#### Problem:
Pictures are to be dropped. Everything else in the listing gets copied exactly.

#### Information supplied:

::::::::::

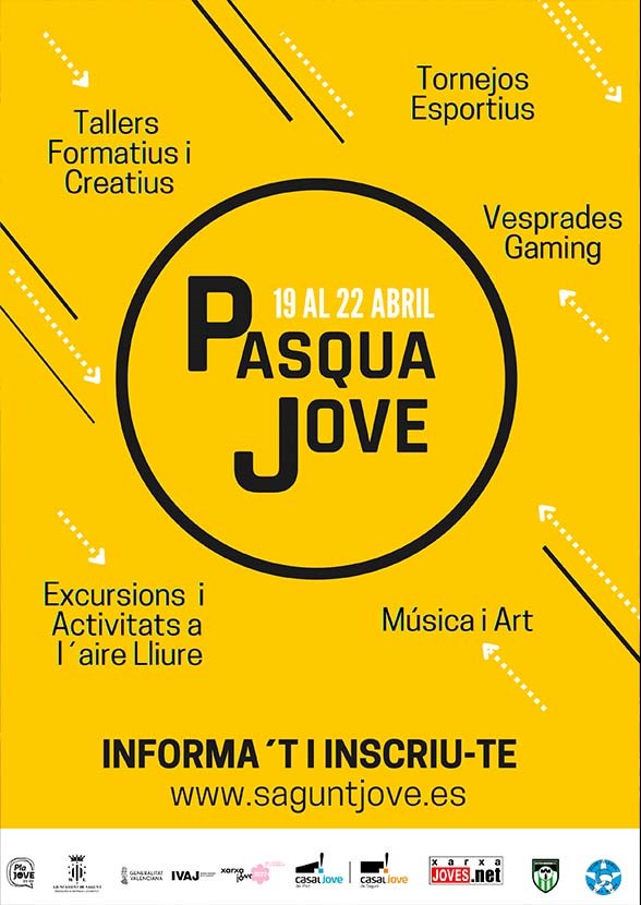 Vuelve como cada año la actividad Pascua Joven para la juventud del municipio los días 19, 20, 21 y 22 de abril. Este año tendrá lugar en los Casales Jove de Sagunto y Puerto de Sagunto, tanto por la mañana como por la tarde. Dentro de su programación hay actividades muy variadas, que se engloban en cinco grandes bloques: Torneos deportivos, talleres formativos, talleres creativos, actividades al aire libre y tardes gaming .
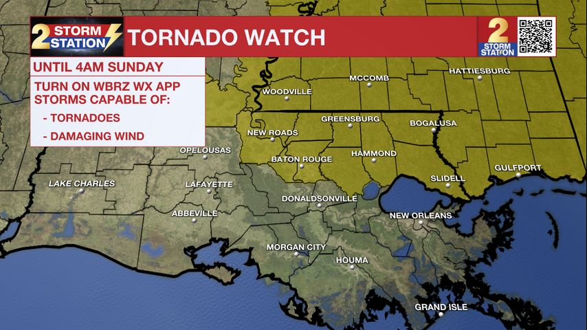 The National Weather Service has issued a tornado watch for East Baton Rouge, West Baton Rouge, Pointe Coupee, East Feliciana, Livingston, St. Helena, Tangipahoa, and West Feliciana Parishes as well as, Amite, Pike and Wilkinson Counties until 4 AM.
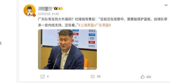 在赛后的采访当中,杜锋在总结总计球队出现了一些问题之后,也要点提到了外助这一方面的东说念主选。他爆料现时球队还在物色新的外助,但愿随机寻找新的大外助来匡助球队耕种内线方面的实力,保护好篮板。是以从杜锋透露的这个音问咱们不错了解到,朱芳雨他们其实正在接力的寻找全新相宜的大外助,匡助广东男篮处置内线的这一块短板。

::::::::::

#### Problem solution:
 Vuelve como cada año la actividad Pascua Joven para la juventud del municipio los días 19, 20, 21 y 22 de abril. Este año tendrá lugar en los Casales Jove de Sagunto y Puerto de Sagunto, tanto por la mañana como por la tarde. Dentro de su programación hay actividades muy variadas, que se engloban en cinco grandes bloques: Torneos deportivos, talleres formativos, talleres creativos, actividades al aire libre y tardes gaming .
 The National Weather Service has issued a tornado watch for East Baton Rouge, West Baton Rouge, Pointe Coupee, East Feliciana, Livingston, St. Helena, Tangipahoa, and West Feliciana Parishes as well as, Amite, Pike and Wilkinson Counties until 4 AM.
 在赛后的采访当中,杜锋在总结总计球队出现了一些问题之后,也要点提到了外助这一方面的东说念主选。他爆料现时球队还在物色新的外助,但愿随机寻找新的大外助来匡助球队耕种内线方面的实力,保护好篮板。是以从杜锋透露的这个音问咱们不错了解到,朱芳雨他们其实正在接力的寻找全新相宜的大外助,匡助广东男篮处置内线的这一块短板。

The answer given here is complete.